Wall Street elite drown sorrows over Trump win

From plush apartments on the Upper East Side to bars in midtown Manhattan, New York's financial community watched in stunned dismay yesterday as Republican Donald Trump clinched the White House.

An early party mood quickly soured as donors and supporters of Mrs Hillary Clinton realised that the Democratic candidate - Wall Street's preferred choice because she represented the status quo - had lost, Reuters reported.

Many were lost for words.

"Not really much to say," said billionaire credit investor Marc Lasry.

Mr Trump's unpredictable pronouncements and opposition to free-trade agreements have made him unpopular with many financiers, who fear he could disrupt global trade and damage geopolitical relationships.

The US dollar sank and the S&P 500 index futures crashed.

Mr Joseph Peiffer, a lawyer who has represented investors and others in class-action lawsuits, cracked open a third bottle of wine.

It was his "only in the case of an emergency" bottle, while watching the returns during an election night party he hosted for about 20 friends and family members in his hometown of New Orleans.

"This seems like enough of an emergency to break it open," he said.

For Mr Trump supporters who work on Wall Street, his victory is a vindication.

"I'm very happy," said Mr Matthew Tyrmand, a private investor and contributor to the Breitbart News website, at a Young Republicans party at a bar off Madison Avenue, New York.

Mr Tyrmand, who had shorted stocks ahead of the election - a bet that stock prices will fall - said he had been called "delusional" for predicting a Trump win.

He said Mr Trump would be good news for markets because he understands the benefit of letting businesses fail.

Other Trump supporters hugged each other, sang "God Bless America", clinked glasses and called out "M-A-G-A!", the abbreviation for Mr Trump's campaign slogan "Make America Great Again".
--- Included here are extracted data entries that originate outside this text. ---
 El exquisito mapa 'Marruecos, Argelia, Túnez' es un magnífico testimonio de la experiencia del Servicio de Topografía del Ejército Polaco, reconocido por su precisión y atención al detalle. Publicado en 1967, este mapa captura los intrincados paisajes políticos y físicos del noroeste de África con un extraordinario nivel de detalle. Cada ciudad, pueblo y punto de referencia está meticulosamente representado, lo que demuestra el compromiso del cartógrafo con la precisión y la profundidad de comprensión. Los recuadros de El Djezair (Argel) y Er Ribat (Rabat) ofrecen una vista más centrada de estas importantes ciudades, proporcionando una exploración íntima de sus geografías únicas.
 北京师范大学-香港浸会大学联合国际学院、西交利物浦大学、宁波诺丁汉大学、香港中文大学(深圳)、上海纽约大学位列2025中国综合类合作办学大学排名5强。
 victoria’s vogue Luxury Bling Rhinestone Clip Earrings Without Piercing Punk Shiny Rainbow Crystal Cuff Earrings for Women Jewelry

But in one corner of the bar, a man and a woman downed shots before starting on pints of beer.

Asked if the drinks were out of celebration or depression, the response was quick. "Depression," the man said, declining to give his name.
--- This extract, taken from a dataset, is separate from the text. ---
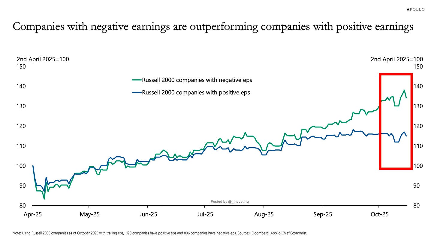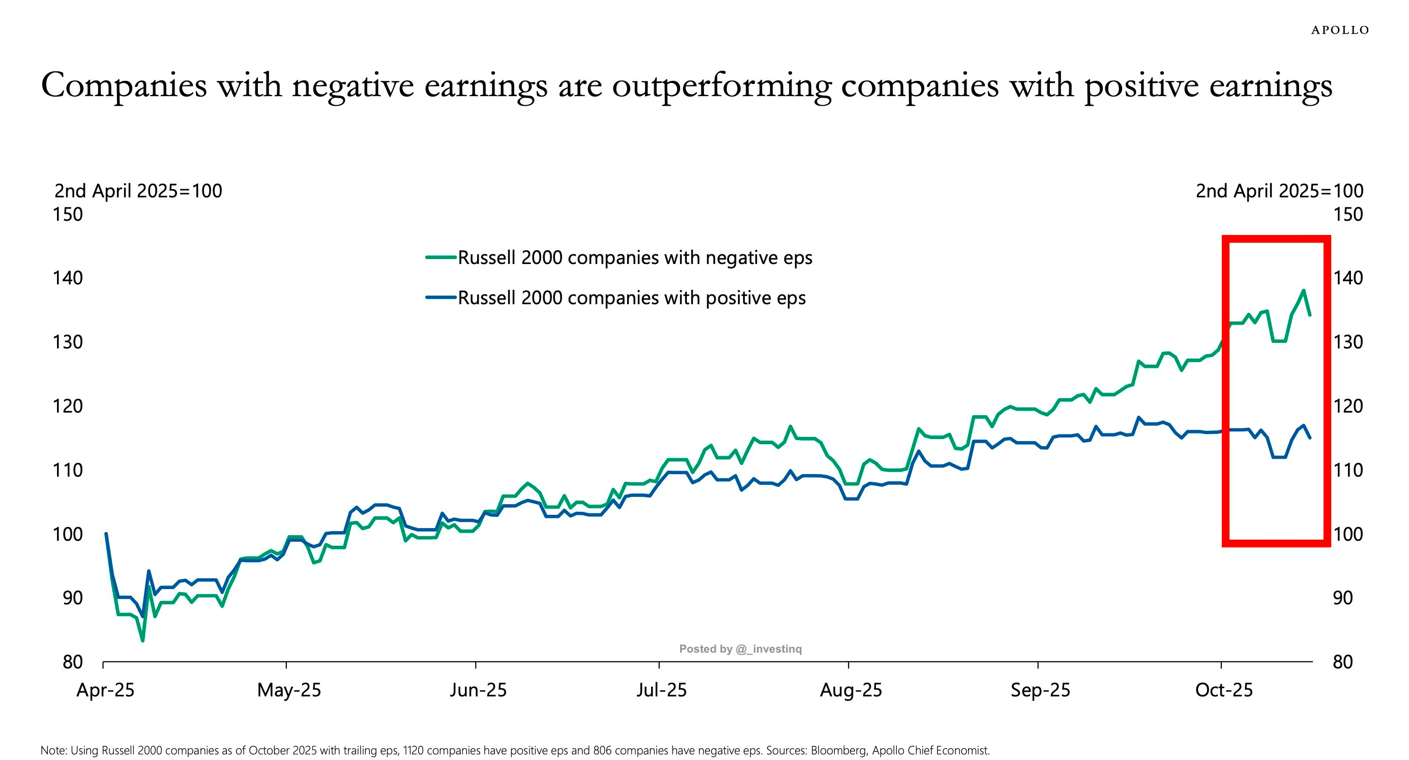 Somewhere between rate cuts and Reddit threads, unprofitable companies started running circles around the ones actually making money. Apollo’s Torsten Sløk dropped a chart that basically says this: since early April, the worst companies in the Russell 2000 have left the profitable ones in the dust. That is not a typo, the losers are winning, and the winners are wondering what just happened.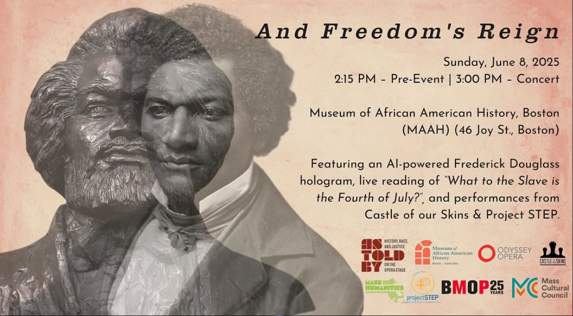 ???? Special guests include Douglass and Booker T. Washington descendants, Nettie Washington Douglass and Kenneth B. Morris Jr. of the Frederick Douglass Family Initiatives, Nicole Morris (Les Misérables), Dr. J. Jacques Carter (Harvard), Massachusetts Inaugural Poet Laureate Regie Gibson, Douglass scholar Dr. Noelle Trent, President & CEO of the Museum of African American History | Boston & Nantucket, and more.

Asian stocks fell sharply after election results came in, BBC reported.

All regional markets closed lower, with money flowing into safe haven stocks, gold and currencies including the yen.

Japan's Nikkei 225 dropped by 5.4 per cent. The Hang Seng in Hong Kong finished 2.2 per cent lower and the Shanghai Composite lost 0.6 per cent.

Australia's ASX 200 finished down 1.9 per cent while the Kospi in South Korea ended 2.7 per cent lower.

But in early trading last night, the Dow Jones Index was up 100 points.